CC BY-SA by krozruch

Morbid Interregnum

16-10-18



Having been working on the backend for Marginálie for some weeks with it apparently in an interminable state where the frontend is out of action, I finally bite the bullet and take a couple of steps to putting it up on a test page. This finds me determined but also unsure of myself. What do I find myself doing? And is it not the case that this is some extreme case of autistic perseveration? Worse, since I find ways to demean myself and the whole project even in the event that it will work, surely it will never earn me a penny? And so I revisit my doubts, doubts earned from a lifetime of living on the edge, barely scraping a living, struggling with depression and various forms of mental illness and stress. All of this takes so much of my energy before even I begin to tackle all of the hostility and the present negativity that surrounds me. And yet I have to prove myself, to myself, and to them, those most recent doubters, and those others that have come before whose voices I still hear in my head.
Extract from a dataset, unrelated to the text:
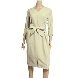新品/ドゥクラッセ DoCLASSE タイトワンピース 表記 11号 L 相当 ベージュ 無地 シンプル Vネック ひざ丈 オフィス 春 秋 レディース

And yet, for all of this imposter's syndrome, I talk about what I have done so far on the project which I could in this video scarcely yet believe could look like anything at all, could be a web application, as if I didn't have it in me, and talk about what it could yet become. But not only that. I talk about coming across the voice of Henry Rollins. I talk about what it means for me, and for us all, that journalism is not what it once was, that we are all now expected to be our own marketing departments, about how I would like to discuss Orientalism by Edward Said. I talk, too, about my ambivalence towards computers. In short, I take a look at Marginálie through a different perspective than I have in other videos and podcasts, but with it all feeling a little closer than it has until now. At that most difficult place in a project - being almost there - I talk about what the newly-chosen title for what is this test site, 'morbid interregnum' means, and what it means for me, for the site, and for us.